━━━ Data listing ━━━
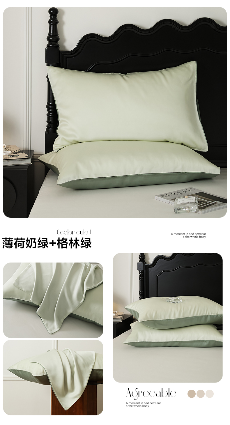 商品名称:EH家居 2025春夏天丝纯色单枕套 薄荷奶绿+格林绿
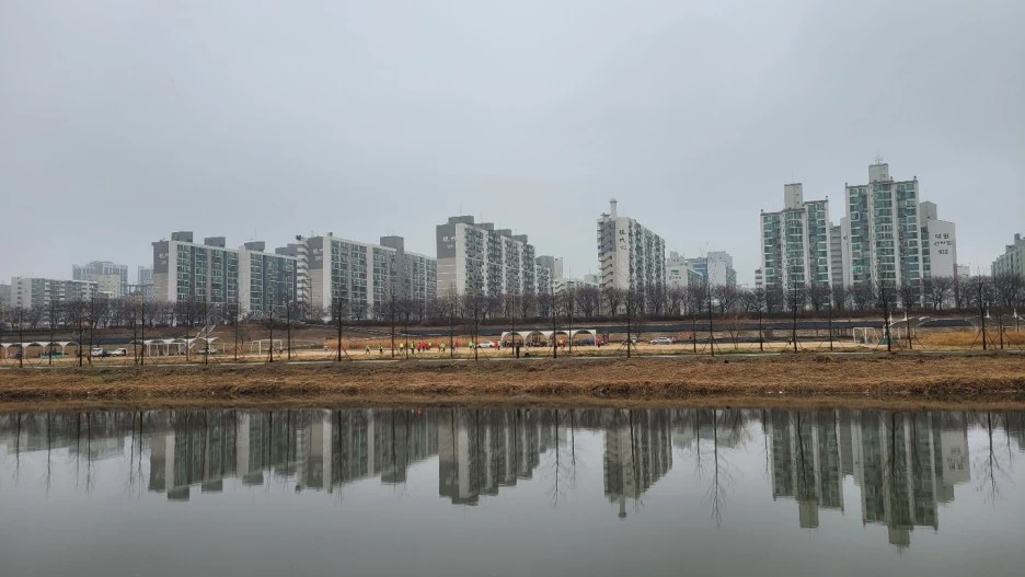길 건너에는 회색 하늘이지만 안양천 물빛에 비치는 물은 마음을 평안하게 하는 운치가 있습니다.
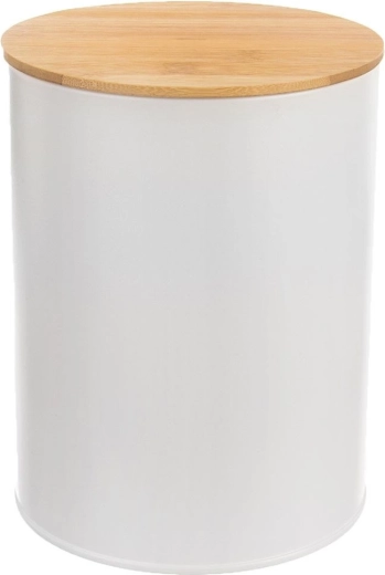 Boîte de cuisine en métal blanc avec couvercle en bambou 2,3 l
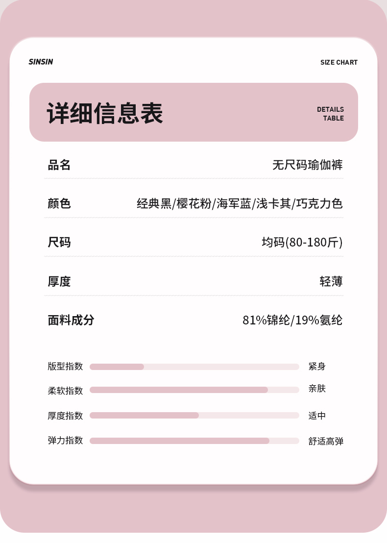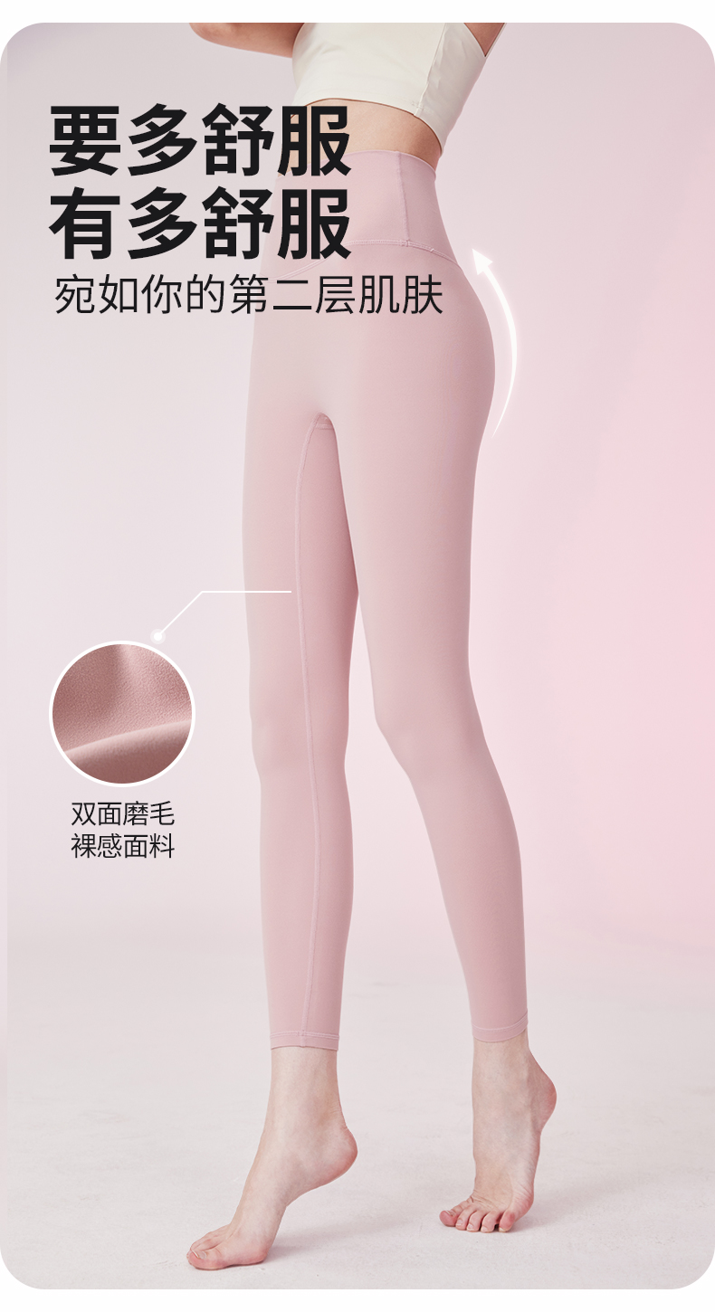 SINSIN的无尺码瑜伽裤,选用的是双面磨毛的裸感面料,穿在身上舒适的像“没穿”一样,几乎没有束缚感,真正做到了贴身但不粘腻,柔软又吸汗。而且这种新型四面弹面料,弹性巨大,穿起来舒适不紧绷,不容易变形,做瑜伽需要有高强度的拉伸也不怕,延展性特别棒,就像第二层肌肤一样,完全不会有被牵扯住的感觉哦!
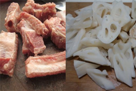 我们先把排骨切成小段,切成小段的排骨长度大小尽量均匀,这样方便在煮的时候一起熟,以至于不会浪费太多的时间。我们烧一点热水,用大火把它烧开,再把切好的排骨全部放在开水中,把排骨多血沫去掉,然后捞起来沥干后再洗几遍。将莲藕的皮用刀刮掉,刮的时候尽量小心一点,不要把手割伤了。再把莲藕切成两半洗干净,然后再将莲藕切成小坨。
━━━
> About this task:
In the material above, retype exactly the lines that run from the one containing "Boîte de cuisine" through the last line, and keep out the pictures.

> Solution to this task:
 Boîte de cuisine en métal blanc avec couvercle en bambou 2,3 l
 SINSIN的无尺码瑜伽裤,选用的是双面磨毛的裸感面料,穿在身上舒适的像“没穿”一样,几乎没有束缚感,真正做到了贴身但不粘腻,柔软又吸汗。而且这种新型四面弹面料,弹性巨大,穿起来舒适不紧绷,不容易变形,做瑜伽需要有高强度的拉伸也不怕,延展性特别棒,就像第二层肌肤一样,完全不会有被牵扯住的感觉哦!
 我们先把排骨切成小段,切成小段的排骨长度大小尽量均匀,这样方便在煮的时候一起熟,以至于不会浪费太多的时间。我们烧一点热水,用大火把它烧开,再把切好的排骨全部放在开水中,把排骨多血沫去掉,然后捞起来沥干后再洗几遍。将莲藕的皮用刀刮掉,刮的时候尽量小心一点,不要把手割伤了。再把莲藕切成两半洗干净,然后再将莲藕切成小坨。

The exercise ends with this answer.